- [ASSIGNMENT]
For every line in the material, output its text exactly and exclude any image it holds.

- [EXERCISE DATA]
>>>

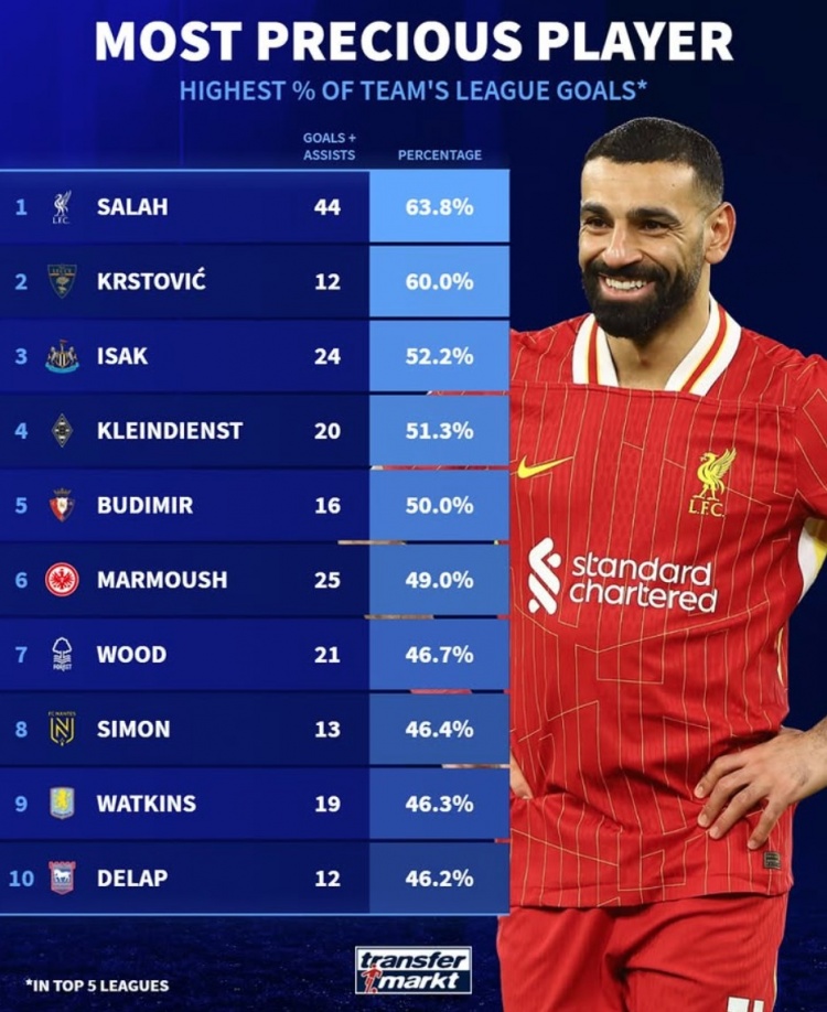 3月11日訊 《轉會市場》統計了本賽季五大聯賽直接參與進球占全隊總進球的比率情況,薩拉赫無懸念居首,已經轉會曼城的馬爾穆什依然是法蘭克福隊內最高。
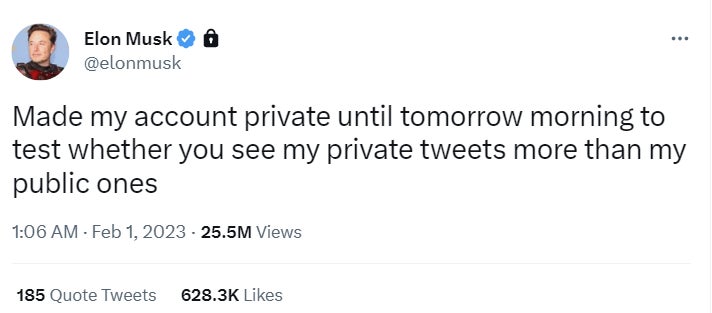 In case you're wondering "wtf is he talking about?"... Twitter users found a glitch in the matrix. Basically, if you set your account to private (only your followers see your posts) engagement moons. Rumors have been bubbling for a few days. Then, yesterday Elon went private to "troubleshoot" the issue. A real man of the people.
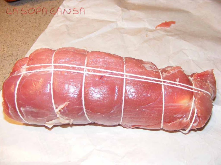 Con cuidado enrollamos el solomillo y lo atamos, replegando los bordes exteriores hacia dentro para que no se nos salga el relleno

<<<

- [OUTPUT OF THE TASK]
 3月11日訊 《轉會市場》統計了本賽季五大聯賽直接參與進球占全隊總進球的比率情況,薩拉赫無懸念居首,已經轉會曼城的馬爾穆什依然是法蘭克福隊內最高。
 In case you're wondering "wtf is he talking about?"... Twitter users found a glitch in the matrix. Basically, if you set your account to private (only your followers see your posts) engagement moons. Rumors have been bubbling for a few days. Then, yesterday Elon went private to "troubleshoot" the issue. A real man of the people.
 Con cuidado enrollamos el solomillo y lo atamos, replegando los bordes exteriores hacia dentro para que no se nos salga el relleno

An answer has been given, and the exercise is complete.